With the pictures omitted, print exactly the lines below, from the one containing "二、使用說明。1.打開經(j" through the one containing "Die Bank Austria", and nothing else.

◆ Source information ◆
..........

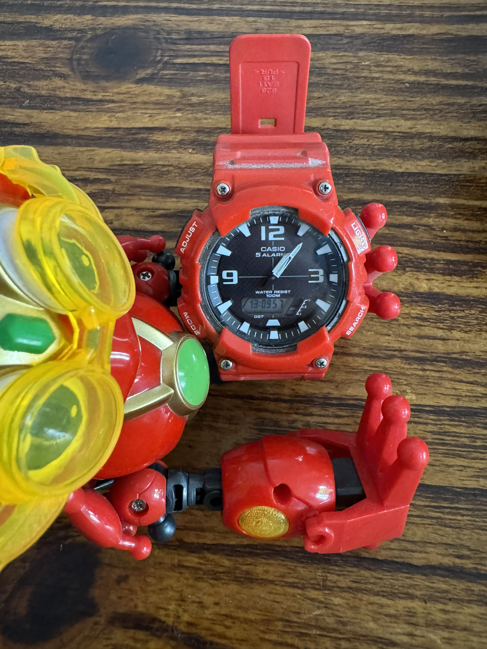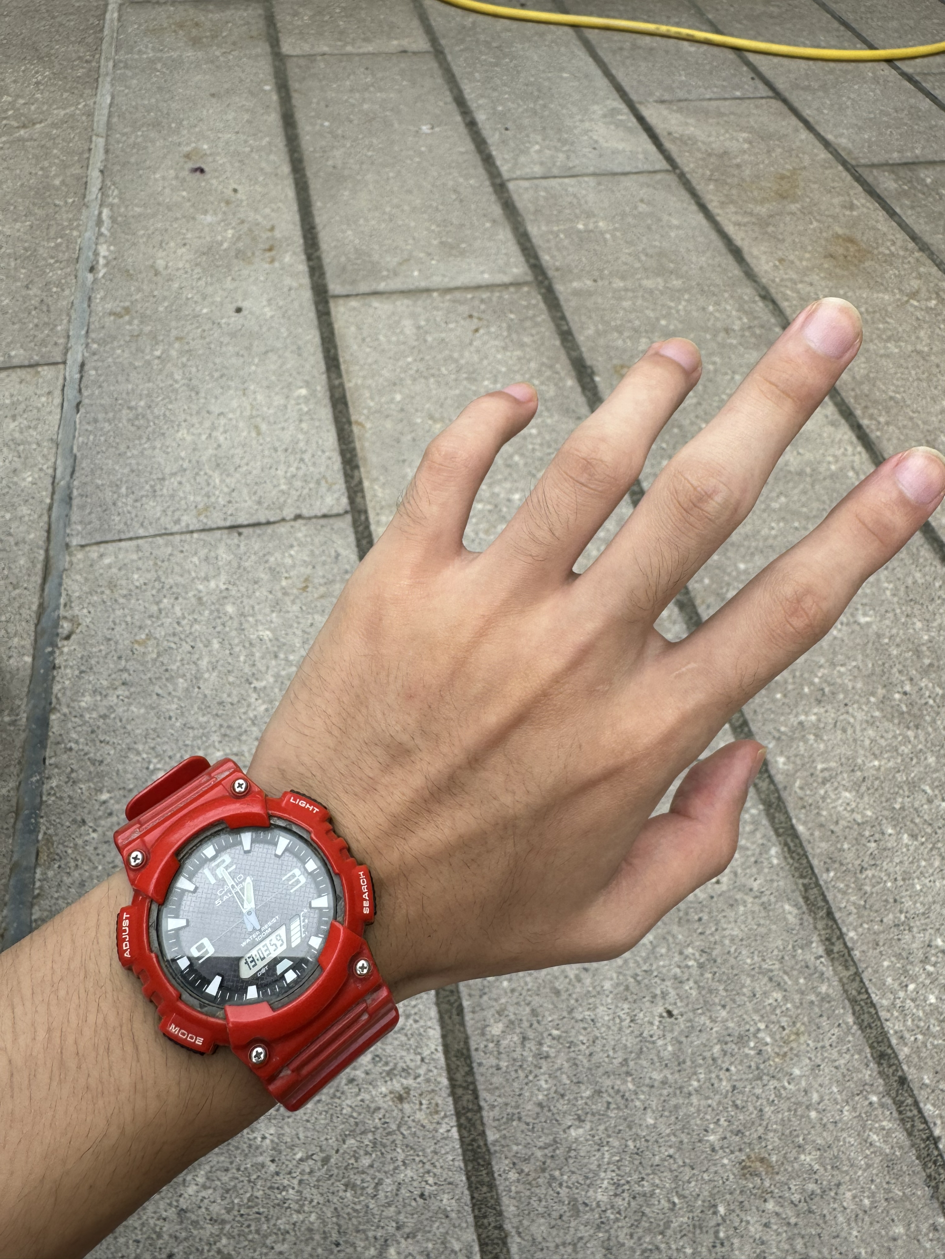 这个卡西欧也陪了我好久 从初二到大一 外表颜色红红火火 非常的喜庆 功能:防震 防摔 倒计时 闹钟 年份 日历 灯光以及100m防水 太阳能电池 有太阳就能充电 非常适合带出去出街 红色比较引人注目 价格合适 学生党可以冲!!!
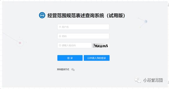 二、使用說明。1.打開經(jīng)營范圍規(guī)范表述查詢系統(tǒng),如下圖1:可使用用戶名、密碼及驗證碼登錄軟件(用戶名:111,密碼:123456);也可點擊“以申請人身份登錄”直接進(jìn)入軟件。
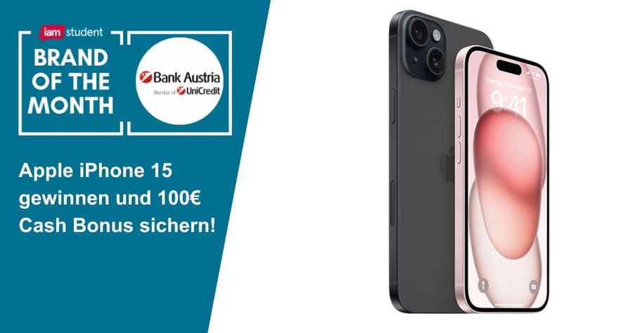 Die Bank Austria ist in Mega-Spendierlaune: Du bekommst nicht nur dein neues Studentenkonto mit 100€ Cash Bonus – obendrauf hast du auch noch die Chance auf ein brandneues iPhone 15!
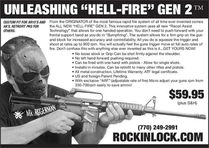 Hell fire gen 2 snap on trigger system. It is the epitome of all any rapid fire trigger reset system ever. All metal with rate of fire adjustment you pull your guns trigger allows for single shots and more safely and legally. It is the epitome of all any rapid fire system ever.
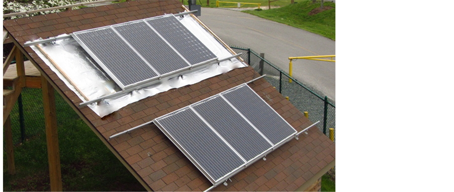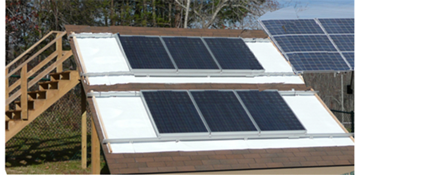 Two case studies highlighted by Sanyo include the successful home, lumenHaus, built by Virginia Tech that won the Solar Decathlon 2010 in Europe, and a solar canopy installation on an office building in Atlanta. What is not stated in either of the two case studies is what material was used below the modules for the lumenHaus or for the surface below the canopy of the Atlanta office building [13] . DuROCKAlfacing International Manufacturing Company in Woodbridge, Ontario has mounted a 10 kW array of HIT 195 Double Modules at a 30˚ angle on their flat roof (Figure 3). The reflective material used below the modules was TIOCOAT™, a white protective roofing material. The bifacial modules as reported produced between 195 W and 210 W [14] .
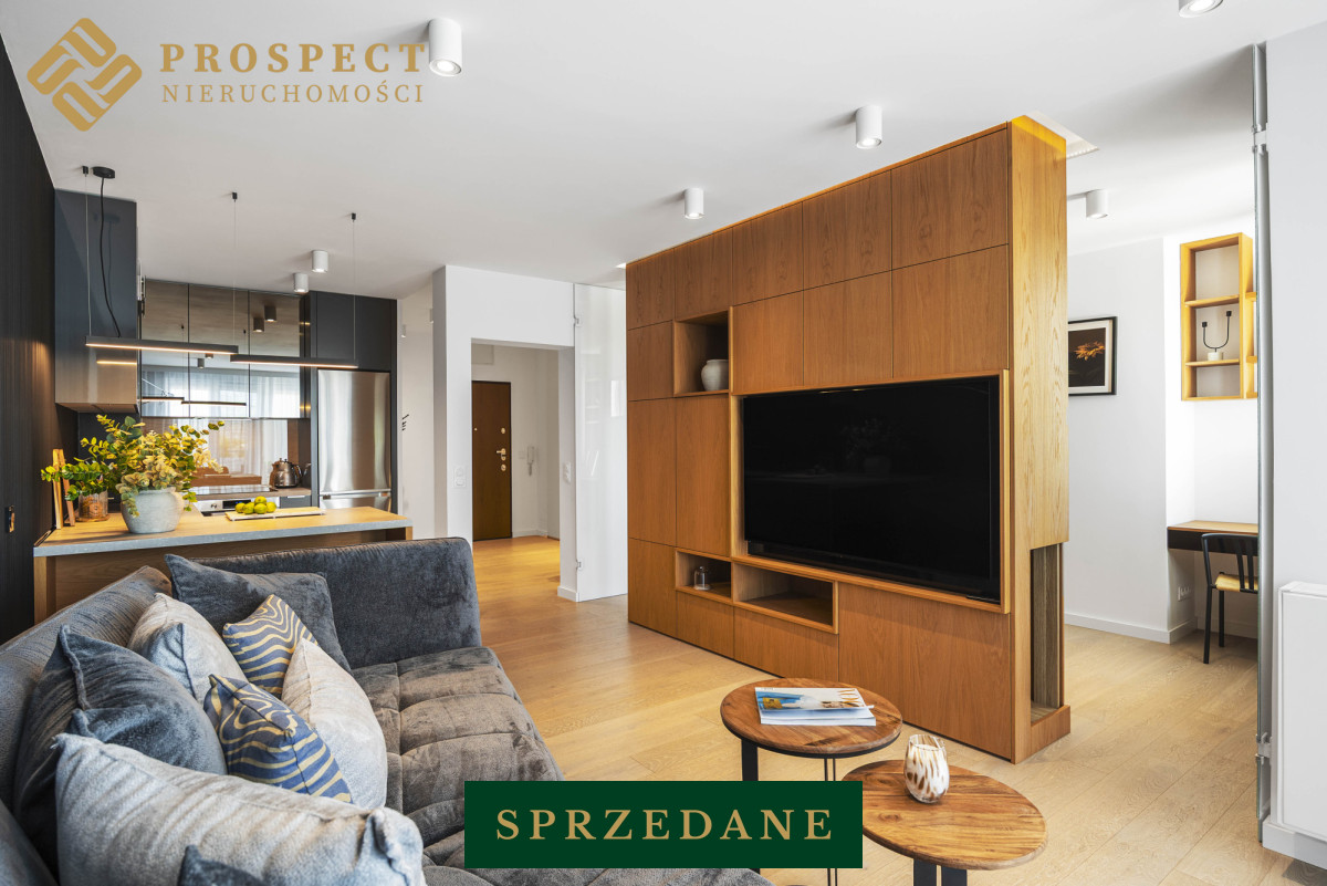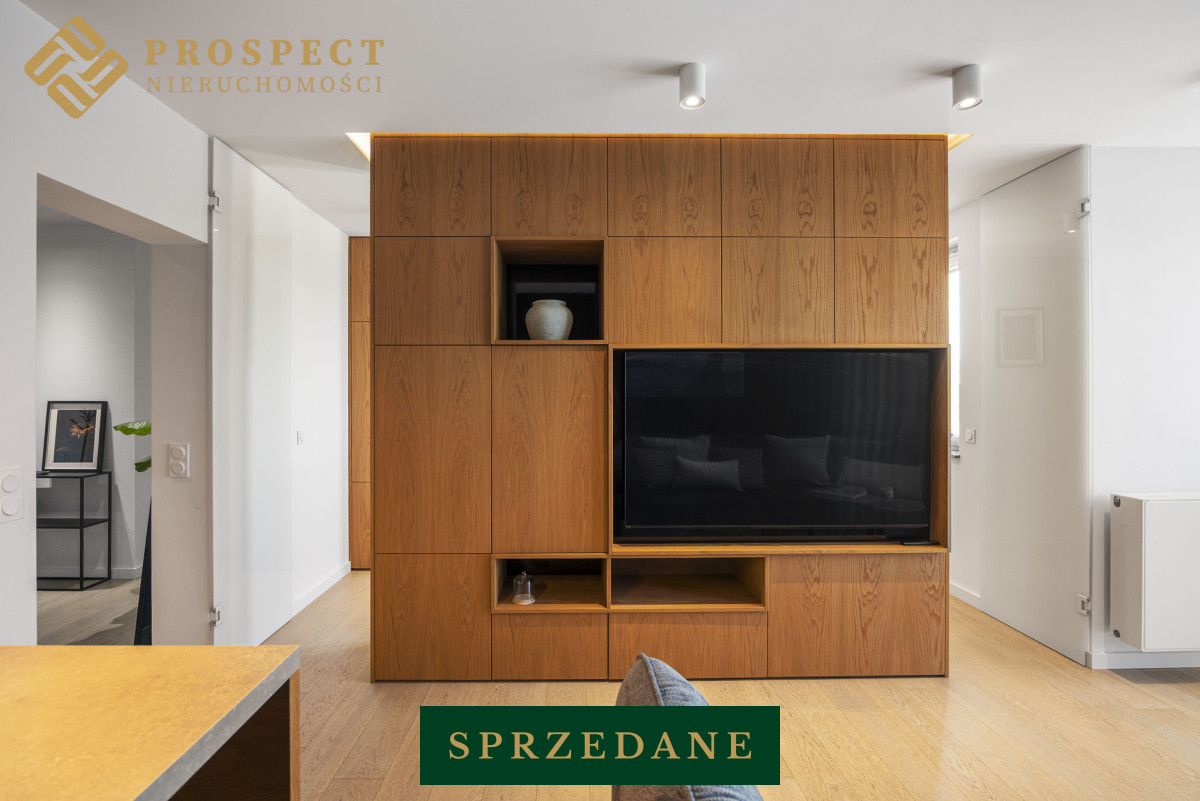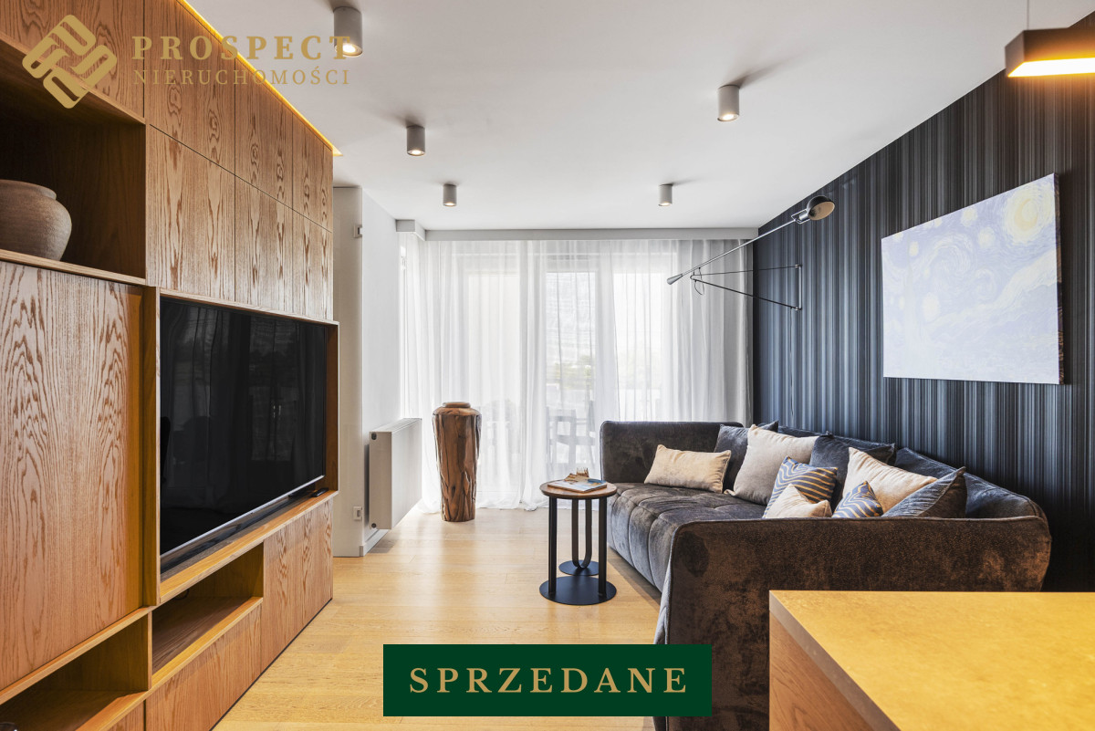 Wnętrze zachwyca wysokiej jakości wykończeniem - drewniane podłogi, kuchnia na wymiar, włoska sofa, winylowa ściana w salonie oraz liczne ukryte półki i zabudowy.

..........

◆ Reply ◆
 二、使用說明。1.打開經(jīng)營范圍規(guī)范表述查詢系統(tǒng),如下圖1:可使用用戶名、密碼及驗證碼登錄軟件(用戶名:111,密碼:123456);也可點擊“以申請人身份登錄”直接進(jìn)入軟件。
 Die Bank Austria ist in Mega-Spendierlaune: Du bekommst nicht nur dein neues Studentenkonto mit 100€ Cash Bonus – obendrauf hast du auch noch die Chance auf ein brandneues iPhone 15!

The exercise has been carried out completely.